For multi-node setups, you either use Netdata Cloud (free tier available) or configure parent-child streaming between agents — both add configuration steps Beszel avoids.
Performance and Resource Usage
| Resource | Beszel Agent | Beszel Hub (10 nodes) | Netdata Agent |
|---|---|---|---|
| RAM | 10-20 MB | 50-80 MB | 150-300 MB |
| CPU (idle) | <1% | <1% | 1-3% |
| Disk (per day) | 0 (agent stores nothing) | ~5 MB | ~200-500 MB |
| Network | ~1 KB/10s per host | Receives from all agents | ~0 (local dashboard) |
Beszel’s agent is an order of magnitude lighter than Netdata’s.
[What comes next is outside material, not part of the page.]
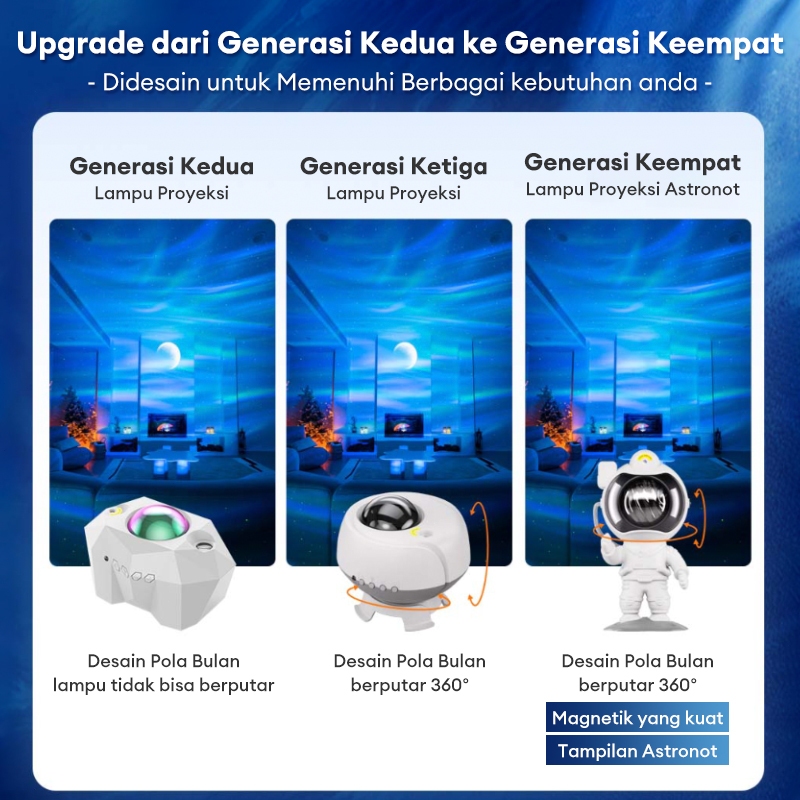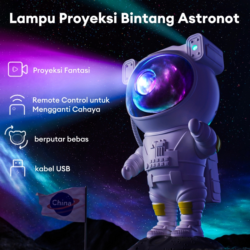 Garansi 10 tahun Lampu tidur aesthetic lampu proyektor Hadiah Natal Ulang Tahun Lampu Atmosfer Astronot Proyektor Bintang Galaksi

On a Raspberry Pi 4 with 2 GB of RAM, the difference between a 15 MB agent and a 250 MB agent matters. On a 32 GB server, it doesn’t.
Netdata’s higher resource usage buys you per-second granularity across thousands of metrics. Beszel’s lower overhead reflects its narrower scope — it collects fewer metrics at longer intervals.
Dashboard and Visualization
Beszel’s dashboard is designed around the homelab use case. You see all your servers in a grid, each showing CPU, RAM, disk, and network at a glance. Click a server for detailed charts. The UI is clean and loads fast, but you cannot create custom dashboards or add arbitrary data sources.
Netdata’s dashboard is a real-time metrics explorer. Every collected metric has its own interactive chart. You can zoom into microsecond-level data, correlate metrics across collectors, and drill into application-specific metrics (MySQL query latency, Nginx connections, Docker container stats). The depth is unmatched, but the interface can overwhelm users who just want to know if their server is healthy.
Alerting
Beszel provides basic alerting: CPU, memory, disk, and network thresholds with webhook and email notifications. You configure alerts per host through the web UI.
Netdata ships with over 300 preconfigured alerts out of the box. It detects anomalies using machine learning, alerts on unusual metric patterns, and supports escalation chains. Alert configuration uses YAML files — powerful but more complex than Beszel’s UI-driven approach.
Use Cases
Choose Beszel If…
- You monitor 1-20 servers in a homelab or small infrastructure
- You want a clean overview dashboard without configuration overhead
- Resource usage matters (Raspberry Pi, low-RAM VPS instances)
- Docker container visibility (up/down, CPU, RAM) is sufficient
- You prefer a simple hub-agent model over distributed agents
- You don’t need per-second granularity or application-level metrics
Choose Netdata If…
- You need deep observability into application performance (database queries, web server connections, queue depths)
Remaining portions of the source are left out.